The world of self-driving trucks continues to expand as new technologies are being tested and more companies are emerging with revolutionary autonomous fleets of semi-truck tractors that increase safety and efficiency. There’s no denying that these 80,000-pound tractor trailer rigs, which number over 2 million in the U.S., will disrupt the trucking industry as fleets convert to autonomous units. It won’t be long before it will be normal to see these special trucks on the highway. Experts say seven years or less. Already, Australia’s Rio Tinto has 73 huge autonomous mining trucks hauling iron 24 hours a day.
In 2017, the Texas legislature passed a pair of bills legalizing both driverless cars and trucks, allowing these new self-driving trucking operations to deliver cargo to every corner of the Lone Star state. Unlike other states, such as California, self-driving developers don’t need special permits to test in Texas. Executives with several autonomous trucking firms say that they are working closely with Texas authorities, who, supporters say, are big boosters of trucking tech. Even the U.S. Postal Service has tested transporting mail there via robotic trucks. Texas has also kicked off a number of U.S. Department of Transportation (DOT) projects to promote advanced truck tech with funding from a federal grant that will enhance the safety of all autonomous vehicles in the state.
A year-old startup company in Dallas, called Kodiak Robotics, will be running its driverless trucks on roundtrip hauls of more than 400 miles between Dallas and Houston. For now, Kodiak will have a “safety driver” available in the cab to make sure the robotic trucks don’t misbehave, but eventually the truck fleet, often traveling in convoys, will be monitored remotely through advanced camera technology similar to military drones. The latest technology has extended the autonomous vehicle industry’s Lidar remote sensing standard of 270 yards to nearly 1,100 yards. There are also a bevy of sensors that monitor thousands of data inputs each second to help navigate and control every function of the truck. The technology is also self-learning. The benefits are pretty obvious. Autonomous trucks can transport goods 24/7 with no mandatory 11-hour-per-day operating limits. They are fuel-efficient with little down time; there are no cell phone, passenger or other driver distractions; and the driverless trucks obey all traffic laws. Increased trucking safety and efficiency are clearly the goals.
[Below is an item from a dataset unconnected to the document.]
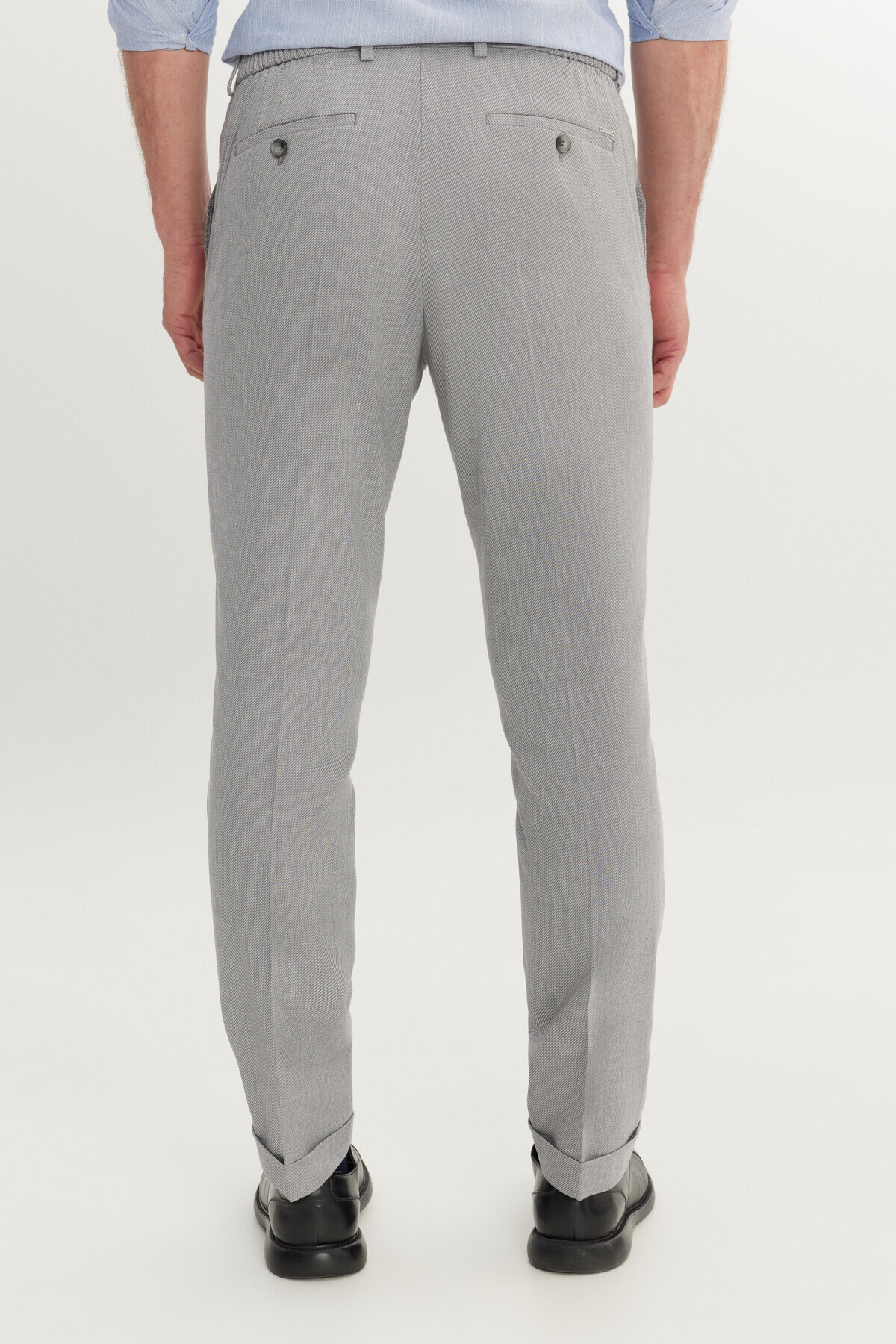 شلوار راحتی نخی اسلیم فیت باریک با جیبهای کناری و طرح مورب

See also: The Real Story on Transportation
It’s no surprise that other big firms like Daimler (Mercedes), Waymo (Google), Volvo, Volkswagen, UPS and Tesla are all vigorously testing automated trucks. Keep in mind, the stakes are high. Trucks are the backbone of the U.S. economy, moving over 10 billion tons, 70% of all the country’s freight, and generating more than $700 billion in revenues in 2017. Trucking is the largest industry in 29 states, with Texas demonstrating steady revenue growth of 2.1% annually for the past five years. With no sign of trucking being slowed by technology, experts focus on the existing and future physical and mental demands of long-haul truckers. In turn, trucking operations using workers’ compensation insurance, or the Texas ERISA-based alternative injury benefit plan, expect that truck driver injuries or illnesses will decline.
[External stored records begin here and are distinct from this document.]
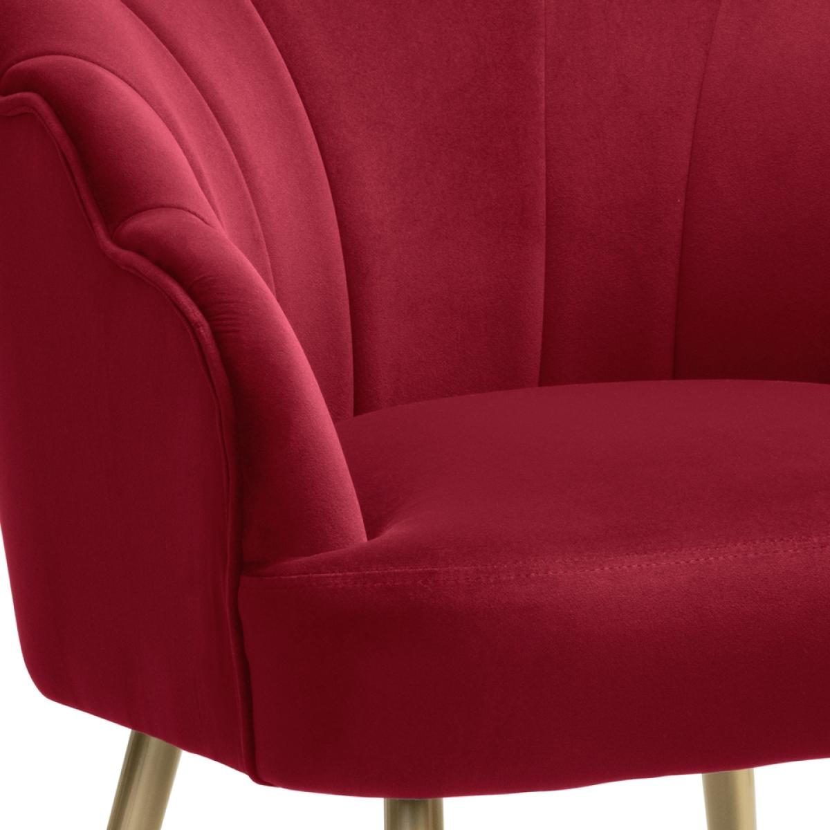 Graceful, glamorous, gorgeous. Show-stopping Sophia is as plush as they come. If you're looking for an accent chair that will wow, this is the one for you. Its impressive standout scallop back will cocoon you in comfort. Sophia is elegantly perched on gold-effect metal legs and upholstered in a sumptuously soft, rich raspberry velvet fabric. Find a place for this stunning chair - your home will thank you.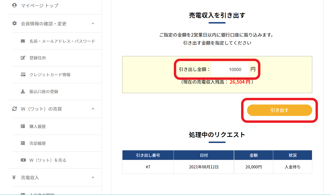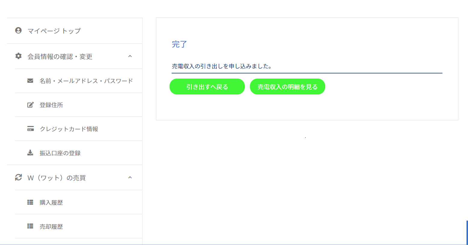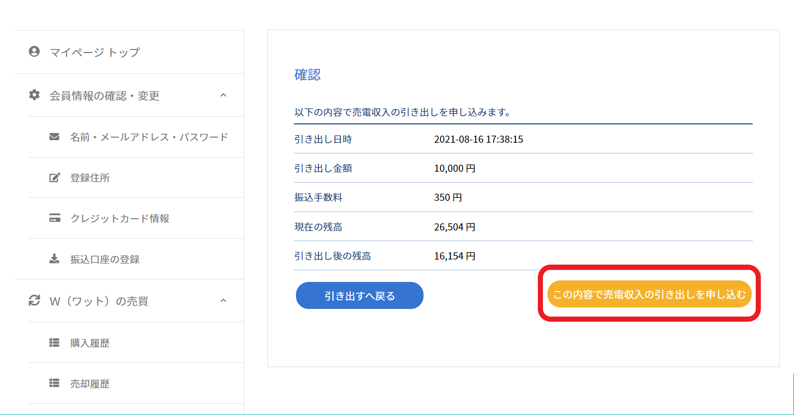 確認ページに表示される内容を確認し、よろしければ「この内容で売電収入の引き出しを申し込む」ボタンをクリックします。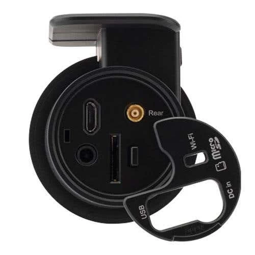 It replaces your dashcam’s original mount. The side cover, fastened by two hex screws, blocks the access to the microSD card and the cable connectors.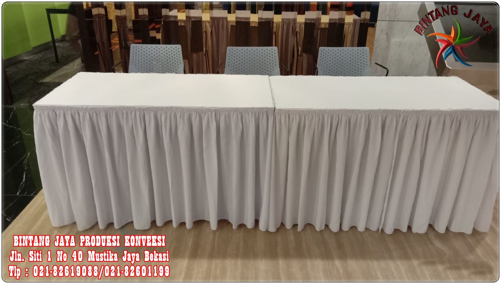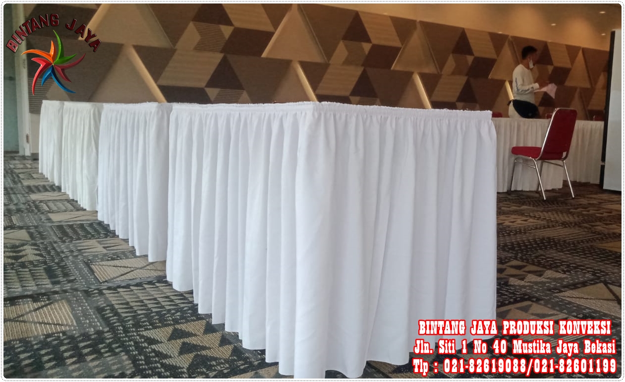 Kami menjual taplak meja dengan model skirting untuk berbagai pilihan meja seperti meja kotak, meja panjang, meja bulat dan meja lainnya. Kami menjual taplak meja dengan pilihan terbaik dengan sistem free order pesan berapapun akan kami siap layani. Kami menjual taplak meja dengan harga grosir atau harga eceran siap kirim sampai ke lokasi anda.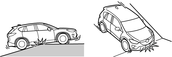 La suspension et le dessous de la carrosserie du véhicule peuvent être endommagés en cas de conduite sur des routes accidentées/irrégulières ou sur des dos d'âne à grande vitesse. Faire preuve de prudence et réduire la vitesse lors de la conduite sur des routes accidentées/irrégulières ou sur des dos d'âne.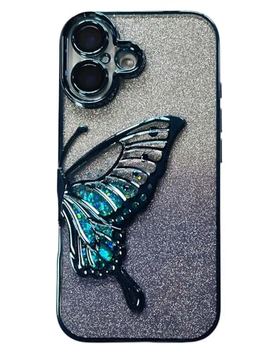 Jinrayplus 対応 アイフォン17 ケース 可愛い 3D 立体 趣味 美しい 蝶 韓国 おもしろ グラデーション フラッシュペーパ 女性 女の子 携帯ケース( iP17, 青 Blue )

According to the U.S. Department of Labor, Bureau of Labor Statistics (BLS), vehicle crashes are the leading cause of workplace deaths, with frequency of motor vehicle accidents on the rise over the past five years. In 2017, there were 2,077 workers’ compensation fatalities involving motor vehicles, accounting for 41% of all work-related deaths that year. The National Highway Traffic Safety Administration says over 90% of such accidents are due at least in part to driver error. There’s no doubt that truck drivers are highly skilled, to drive their semi-trucks safely, but trucking firms report that nearly 70% of their highway big rig accidents are largely attributed to drivers’ unsafe actions. How will autonomous trucks deal with errant drivers?
Besides the long hours behind the wheel, other causes of injuries to drivers include the fact that semi-trucks are like mobile warehouses, with drivers performing a wide variety of duties in and around the tractor trailer and its cargo, often in adverse weather or road conditions. Drivers, particularly with an aging workforce, are understandably more susceptible to back, shoulder and knee claims. It’s a tough, demanding job. Lost-time injuries and the inability to assume meaningful transitional return-to-work duties are a challenge with trucking company fleet scheduling demands. Smaller trucking firms may have no other transitional duties available.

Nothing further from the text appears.